On Tue, Feb 12, 2019 at 11:04:31PM +0300, Georgy Kirichenko wrote:
> Append txn_id and txn_commit to xrow_header structure, txn_id identifies
> transaction id on replica where transaction was started. As transaction id
> a lsn of the first row in the transaction is used. txn_commit is set to true
> if it is the last row in a transaction, so we could commit transaction by the
> last row or by additional NOP requests with txn_commit set as well as
> start transaction with NOP and corresponding txn_id. In case of  replication
> all local changes moved to an journal entry tail to form a separate transaction
> (like autonomous transaction) to be able to replicate changes back.
> 
> As encoding/deconding rule assumed:
>  * txn_id and txn_commit are encoded only for multi-row transactions.
>    So if we do not have txn_id while row decoding then this means that it
>    is a single row transaction.
>  * TXN_ID field is differential encoded as lsn - txn_id value
>  * txn_commit packed into TXN_FLAGS field
> 
> These rules provide compatibility with previous xlog format as well
> as good compaction level.
> 
> Needed for: 2798
> ---
>  src/box/iproto_constants.c |  4 ++--
>  src/box/iproto_constants.h |  7 +++++++
>  src/box/txn.c              | 21 +++++++++++++++++----
>  src/box/txn.h              |  2 ++
>  src/box/wal.c              | 28 ++++++++++++++++++++++++----
>  src/box/xrow.c             | 36 ++++++++++++++++++++++++++++++++++++
>  src/box/xrow.h             |  4 +++-
>  test/unit/xrow.cc          |  2 ++
>  8 files changed, 93 insertions(+), 11 deletions(-)
> 
> diff --git a/src/box/iproto_constants.c b/src/box/iproto_constants.c
> index 7fd295775..4d2e21752 100644
> --- a/src/box/iproto_constants.c
> +++ b/src/box/iproto_constants.c
> @@ -41,11 +41,11 @@ const unsigned char iproto_key_type[IPROTO_KEY_MAX] =
>  		/* 0x05 */	MP_UINT,   /* IPROTO_SCHEMA_VERSION */
>  		/* 0x06 */	MP_UINT,   /* IPROTO_SERVER_VERSION */
>  		/* 0x07 */	MP_UINT,   /* IPROTO_GROUP_ID */
> +		/* 0x08 */	MP_UINT,   /* IPROTO_TXN_ID */
> +		/* 0x09 */	MP_UINT,   /* IPROTO_TXN_FLAGS */

I don't quite like the name, because we encode not a txn id, but the
statement number in a txn. Let's rename it to IPROTO_TXN_STMT_NO or
IPROTO_TXN_STMT_ID or IPROTO_TXN_STMT_SEQ?

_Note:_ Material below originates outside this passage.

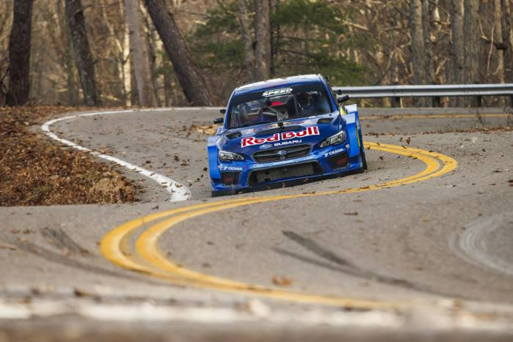 Red Bull shut the road down so that American race car driver Scott Speed, in a fully prepared Subaru rally car, could tackle it head first.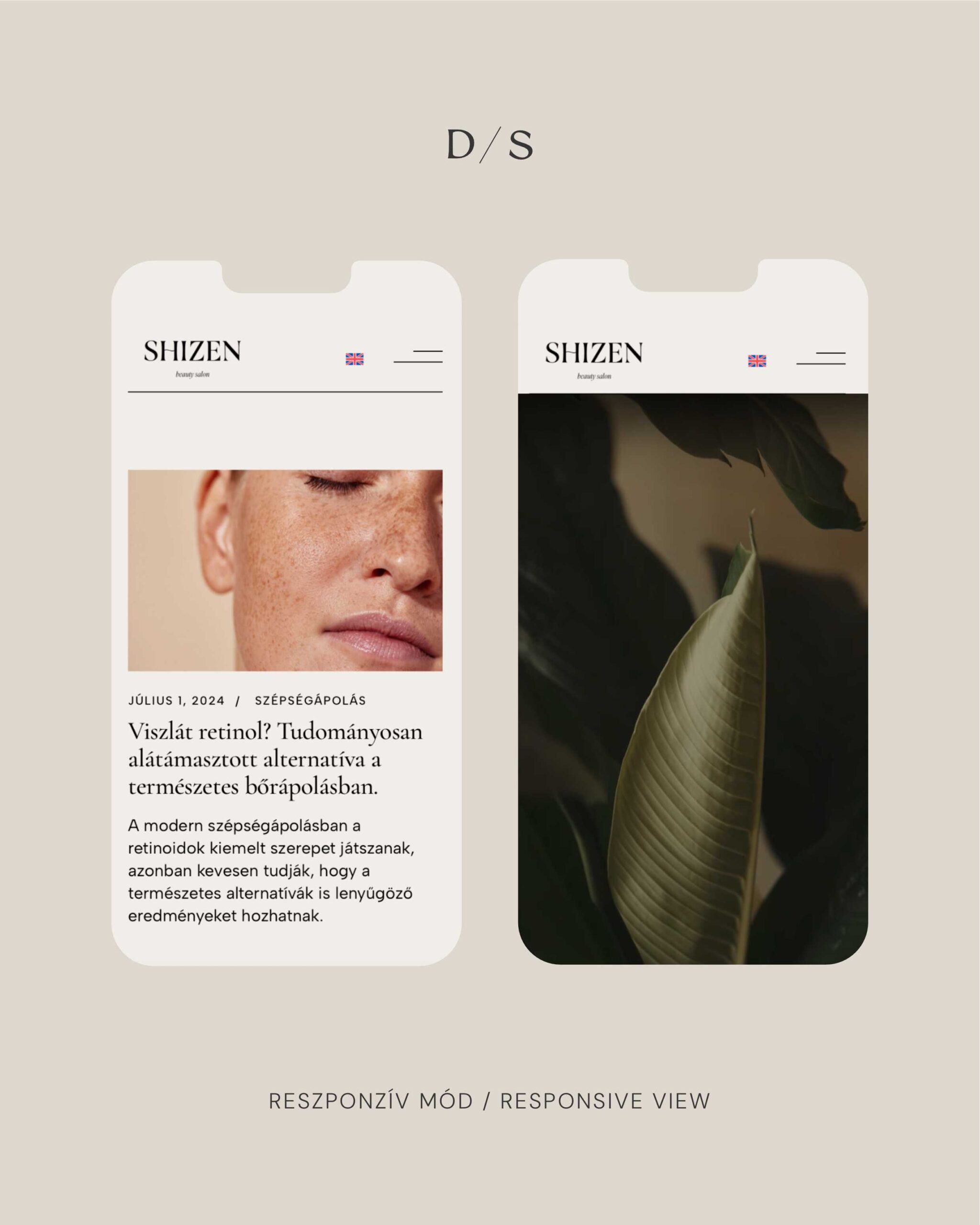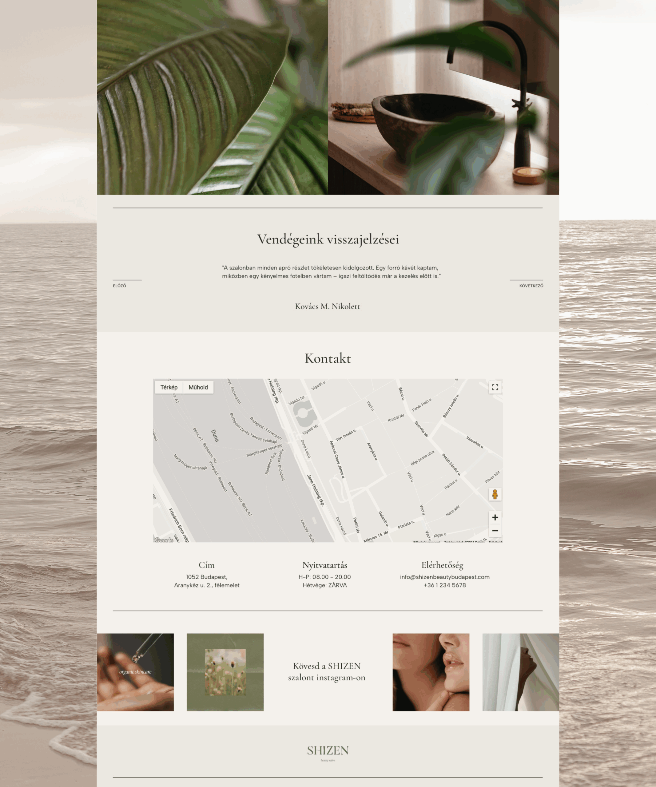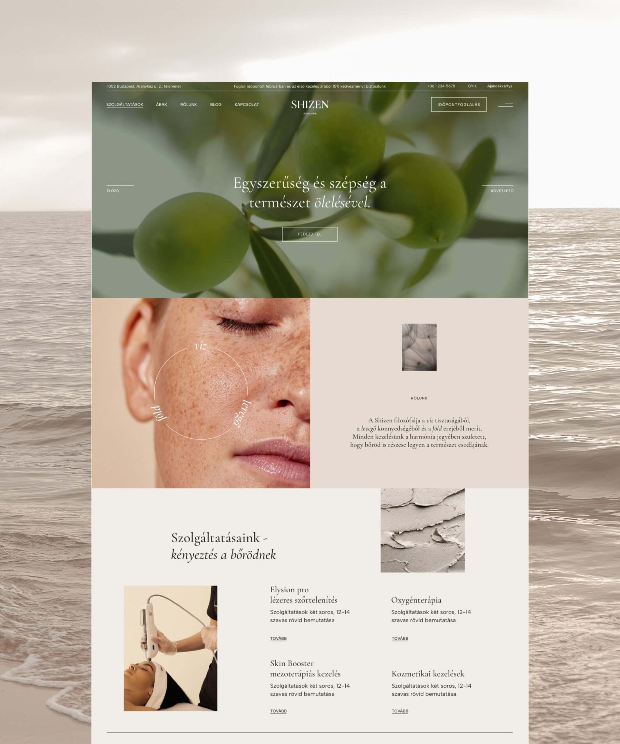 A Shizen Beauty vizuális identitását a logótól az arculati elemekig teljes egészében mi hoztuk létre, így a weboldal minden részlete következetesen ezt a világot tükrözi. A letisztult tipográfia, az elegáns színvilág és a nagy, légies fotók a nyitó videóval kiegészülve érzékletesen adják vissza a szalon természetközeli, nyugodt atmoszféráját.

xrow_header::txn_id is OK though.

>  	/* }}} */
>  
>  	/* {{{ unused */
> -		/* 0x08 */	MP_UINT,
> -		/* 0x09 */	MP_UINT,
>  		/* 0x0a */	MP_UINT,
>  		/* 0x0b */	MP_UINT,
>  		/* 0x0c */	MP_UINT,

You forgot to patch iproto_key_strs.

Let's please add a test that ensures that those new headers are written
to xlogs. You could use xlog reader for that.

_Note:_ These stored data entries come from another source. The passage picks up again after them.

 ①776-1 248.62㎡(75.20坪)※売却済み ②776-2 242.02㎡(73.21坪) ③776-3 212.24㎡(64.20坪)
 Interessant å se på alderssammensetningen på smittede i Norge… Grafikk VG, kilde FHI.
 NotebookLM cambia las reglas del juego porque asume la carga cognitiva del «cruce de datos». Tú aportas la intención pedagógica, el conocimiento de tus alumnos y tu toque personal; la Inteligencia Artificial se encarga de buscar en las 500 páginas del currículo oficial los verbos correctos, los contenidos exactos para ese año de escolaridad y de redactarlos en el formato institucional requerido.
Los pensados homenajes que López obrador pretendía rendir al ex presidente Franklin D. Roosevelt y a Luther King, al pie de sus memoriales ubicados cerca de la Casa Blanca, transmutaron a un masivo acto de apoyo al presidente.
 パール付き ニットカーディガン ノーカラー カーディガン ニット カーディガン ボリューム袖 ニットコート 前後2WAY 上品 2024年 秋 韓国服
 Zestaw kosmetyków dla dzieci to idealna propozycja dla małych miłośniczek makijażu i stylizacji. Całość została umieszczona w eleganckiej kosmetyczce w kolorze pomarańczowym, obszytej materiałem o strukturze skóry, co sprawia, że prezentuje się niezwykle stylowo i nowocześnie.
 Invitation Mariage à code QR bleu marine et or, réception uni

> diff --git a/src/box/iproto_constants.h b/src/box/iproto_constants.h
> index 728514297..fd80e3111 100644
> --- a/src/box/iproto_constants.h
> +++ b/src/box/iproto_constants.h
> @@ -49,6 +49,11 @@ enum {
>  	XLOG_FIXHEADER_SIZE = 19
>  };
>  

/* IPROTO_TXN_FLAGS bits. */

> +enum {
> +	/** Set for the last xrow in a transaction. */
> +	TXN_FLAG_COMMIT = 0x01,

IPROTO_TXN_COMMIT?

> +};
> +
>  enum iproto_key {
>  	IPROTO_REQUEST_TYPE = 0x00,
>  	IPROTO_SYNC = 0x01,
> @@ -60,6 +65,8 @@ enum iproto_key {
>  	IPROTO_SCHEMA_VERSION = 0x05,
>  	IPROTO_SERVER_VERSION = 0x06,
>  	IPROTO_GROUP_ID = 0x07,
> +	IPROTO_TXN_ID = 0x08,
> +	IPROTO_TXN_FLAGS = 0x09,
>  	/* Leave a gap for other keys in the header. */
>  	IPROTO_SPACE_ID = 0x10,
>  	IPROTO_INDEX_ID = 0x11,
> diff --git a/src/box/txn.c b/src/box/txn.c
> index 7f4e85b47..de0152706 100644
> --- a/src/box/txn.c
> +++ b/src/box/txn.c
> @@ -34,6 +34,7 @@
>  #include "journal.h"
>  #include <fiber.h>
>  #include "xrow.h"
> +#include "replication.h"
>  
>  double too_long_threshold;
>  
> @@ -150,6 +151,7 @@ txn_begin(bool is_autocommit)
>  	txn->engine = NULL;
>  	txn->engine_tx = NULL;
>  	txn->psql_txn = NULL;
> +	txn->remote_row_count = 0;

Nit: let's rename it to n_remote_rows to match n_rows and keep the two
member initializers together.

>  	/* fiber_on_yield/fiber_on_stop initialized by engine on demand */
>  	fiber_set_txn(fiber(), txn);
>  	return txn;
> @@ -231,6 +233,10 @@ txn_commit_stmt(struct txn *txn, struct request *request)
>  	 * stmt->space can be NULL for IRPOTO_NOP.
>  	 */
>  	if (stmt->space == NULL || !space_is_temporary(stmt->space)) {
> +		if (request->header &&
> +		    request->header->replica_id != instance_id &&
> +		    request->header->replica_id != 0)
> +			++txn->remote_row_count;

Nit: if we moved this after txn_add_redo(), then we wouldn't have to
check if request->header is set.

>  		if (txn_add_redo(stmt, request) != 0)
>  			goto fail;
>  		++txn->n_rows;
> @@ -271,14 +277,21 @@ txn_write_to_wal(struct txn *txn)
>  		return -1;
>  
>  	struct txn_stmt *stmt;
> -	struct xrow_header **row = req->rows;
> +	struct xrow_header **remote_row = req->rows;
> +	struct xrow_header **local_row = req->rows + txn->remote_row_count;
>  	stailq_foreach_entry(stmt, &txn->stmts, next) {
>  		if (stmt->row == NULL)
> -			continue; /* A read (e.g. select) request */
> -		*row++ = stmt->row;
> +			/* A read (e.g. select) request */
> +			continue;

Nit: pointless change, please remove.

> +		if (stmt->row->replica_id == instance_id ||
> +		    stmt->row->replica_id == 0)
> +			*local_row++ = stmt->row;
> +		else
> +			*remote_row++ = stmt->row;

This piece of code looks nice, but it definitely needs a comment: what
we do, why we do that...

Anyway, we should add a test for this change. May be, it's even worth
submitting this change in a separate patch.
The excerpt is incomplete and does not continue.